= Francis P. Robinson =

Francis Pleasant Robinson (December 21, 1906 – August 6, 1983) was an educational psychologist. As an educational psychologist, he spent his years teaching both college students and military personnel how to learn from textbooks.

== Background ==

Robinson was born in Danville, Indiana, on December 21, 1906, to Pleasant S. Robinson and Grace Z. Huron. He graduated from the University of Oregon in 1929. After graduating from college, he enrolled at State University of Iowa where he obtained his Master's of Art in 1930 and his Ph.D. in 1932. Robinson completed his Ph.D. dissertation under Carl E. Seashore. His dissertation was titled: "The role of eye movement in reading with an evaluation of techniques for their impairment". During his years in graduate school, he served as a research assistant from 1929 to 1932. He was in charge of individual counseling for how-to-study problems. He then taught education at the Stout Institute from 1933 to 1937 and served briefly as department chair. In 1937, Robinson went to Ohio State University as an assistant professor in the education psychology area to take responsibility for the How-to-Study program. Robinson remained at the Ohio State University as a professor until he retired in 1977. During his time at OSU, Robinson taught a summer semester at the University of British Columbia (1947), spring and summer semester at the American Council on Education and the Japanese Ministry in Education (1955), and a fall semester at the United Kingdom Educational Commission (1967).

== Career ==

Robinson's PhD was in experimental psychology. He went to OSU to take responsibility for the How-to-Study program. Robinson was aware of the benefits of small classes however such services were expensive. As a result, he created a dual program at OSU in which a few selected seniors in the College of Education provided remedial counseling assistance for freshman in the course. This dual program of counseling training and student remedial help was the basis of his paper titles, "Two Quarries with a single stone."

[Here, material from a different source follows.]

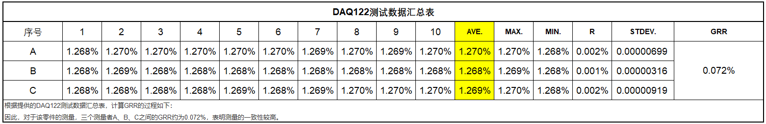 தேர்ந்தெடுக்கப்பட்ட தரவு கையகப்படுத்தல் அட்டை தேவைகளைப் பூர்த்திசெய்கிறதா என்பதை உறுதிசெய்ய, ME குழு அதைச் சோதித்தது. A, B மற்றும் C ஆகிய மூன்று அளவீடுகளில் சுமார் 0.072% GRR உடன், தேர்ந்தெடுக்கப்பட்ட தரவு கையகப்படுத்தல் அட்டை சிறந்த நிலைத்தன்மையைக் கொண்டுள்ளது என்பதை பகுப்பாய்வு காட்டுகிறது.

The How-to-study program at OSU was an outcome of a program developed by the army during WWII. Men selected for the Army Specialized Training Program (ASTP) were provided how-to-study training and data was collected on their actual study skills and habits. Robinson and colleagues used this data to create several higher-levels skills and strategies in reading, studying, and memory improvement. Robinson's SQ3R (survey, question, read, recite, and review) was created as part of the ASTP to help military personnel become better readers. Robinson's text, Effective Study (1946) outlined the SQ3R and emphasized higher level study skills. Additionally, the How-to-study program, provided assistance in "attacking the other problem areas which may be distracting a student in his university work; namely, vocational planning, social or personal problems, health problems, or lack of interest in school work" (p. 202).
In the early 1940s, Robinson extended his efforts in training to graduate students and became limited to graduate students which resulted in a formal practicum course to be established at OSU. Thus creating an organized program for supervising counseling –in-training students. The development of graduate counselor training, recording supervision sessions, and other developments led Robinson to establish a new graduate program in the psychology department called Personnel Work which was later renamed Counseling Psychology program.

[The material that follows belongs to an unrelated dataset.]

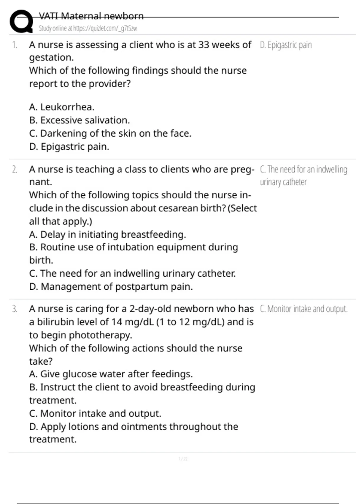 1. A nurse is assessing a client who is at 33 weeks of D. Epigastric pain

In 1946, Francis Robinson and Frank Fletcher were two of the founding members of the Division of Counseling and Guidance Psychologist (17) and also help establish the American Personnel and Guidance Association (APGA). In 1954, the Journal of Counseling Psychology was established with the help of Robinson and Fletcher. From 1954 to 1955, Robinson served as president of Division 17.

== Selected works ==

- The early days in developing the counseling psychology area at The Ohio State University (unpublished manuscript, 1982)
- Beyond Vocational Development (Journal of Counseling Psychology, 12,1965)
- Counseling psychology since the Northwestern Conference (New York, Teachers College Press, 1964)
- Transition and continuation (Journal of Counseling Psychology, 1964)
- Modern approaches to counseling "diagnosis"(Journal of Counseling Psychology, 1963)
- Study skills for superior students in secondary school (Read.Teach, 1961)
- Psychology in education (New York, Harper and Brothers, 1959)
- Differences in "degree of lead" among experienced counselors. (Journal of Counseling Psychology, 1954)
- The practicum training of counseling psychologist (American Psychologist, 1952).
- Principles and procedures in student counseling (New York, Harper and Brothers, 1950)
- Effective study (New York, Harper and Brothers, 1946)
- Two quarries with a single stone (Journal of Higher Education, 1945)
- Psychology and the new education (New York, London, Harper and Brothers Publishers, 1944)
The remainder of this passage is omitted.